The problem as I see it is that both the OLP and the ONDP see the other as “taking their voters”. “If only those idiots supporting the <insert party here> would vote for us, then we could defeat Doug Ford!”
Meanwhile, if they ran as a semi-coalition, and got out of each others way in a few dozen ridings, they could at least reduce Ford to a minority, or possibly form a coalition. In the absence of proportional representation or a ranked ballot (or both), it’s the best way to prevent vote splitting among 60% of Ontario from allowing Ford to win again.
Examples:
- Scarborough Centre: If the NDP gets out of the way, it goes from Lean PCPO to Likely OLP
- Timiskaming-Cochrane: If the Liberals get out of the way, Lean PCPO → Lean NDP
- Algoma-Mnitoulin: Liberals get out of the way, Toss-up NDP/PCPO → Lean NDP
- Barrie—Springwater—Oro-Medonte: NDP get out of the way, Toss-up OLP/PCPO → … okay this one probably stays a toss-up, but the advantage shifts to the OLP from the PCPO.
Notably, I would leave ridings like Humber River—Black Creek out of consideration, as that’s a solid 3-way race.
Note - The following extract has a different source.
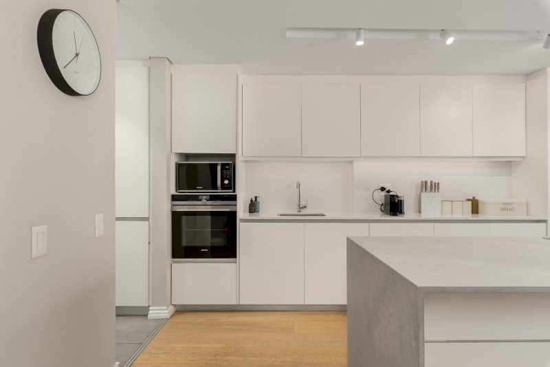 The sleek modern kitchen is fully equipped with high-end appliances and ample counter space, making it easy to prepare anything from quick breakfasts to gourmet meals. The living and dining areas flow effortlessly together, creating a sociable space for guests to enjoy.

If you’re concerned about being able to govern as a coalition, make your #1 priority electoral reform. Get that done and then see where it goes from there.
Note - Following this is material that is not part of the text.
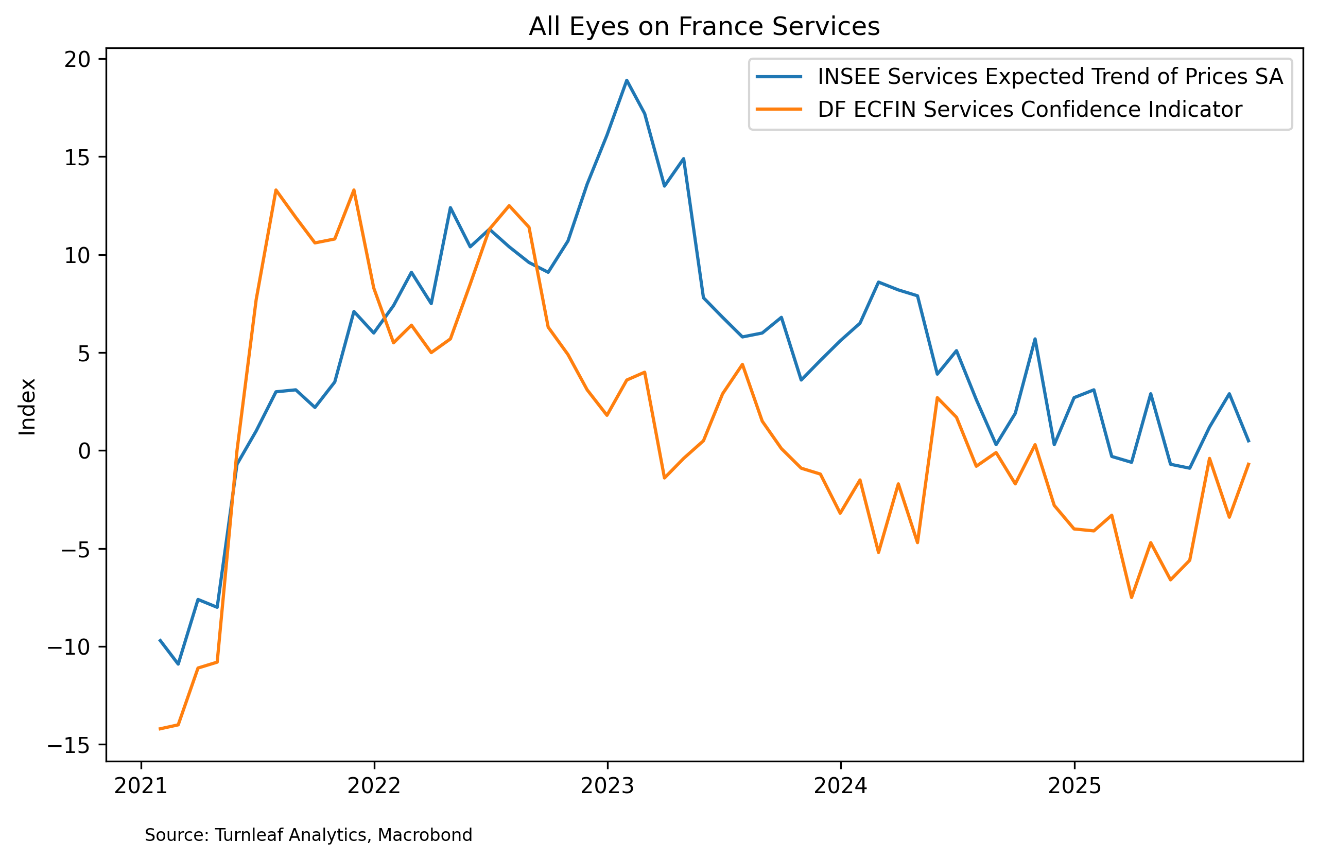 Consumers are waiting for something bad to happen. Industrial weakness and worries about the government dominate the story, and French households are preparing for the worst. As discussed in earlier posts, unemployment concerns are pushing precautionary saving higher and discretionary spending lower. That shift has kept inflation close to 1% YoY, with the balance of risks pointing toward further disinflation. Setting aside cyclical dynamics, Turnleaf’s models are emphasizing consumer behavior. French households are engaging with the economy differently and pulling back from the sectors that used to carry growth.

I took 5 minutes, and looked at one polling aggregator, and found a possible path to moving 4 seats. You need to move ~30 seats to get Ford out of power according to today’s polling. If the OLP and ONDP can’t work together to find a path to victory for them together, neither of them deserve to lead, IMO.
(Fortunately for me, I get to vote for Catherine Fife (NDP-Waterloo), and her seat is pretty safe)
Agreed. According to current polling, if the Conservatives get votes at the botttom of their confidence interval, and ALL the other parties get votes at the very top of their confidence intervals, it’s still a PCPO minority.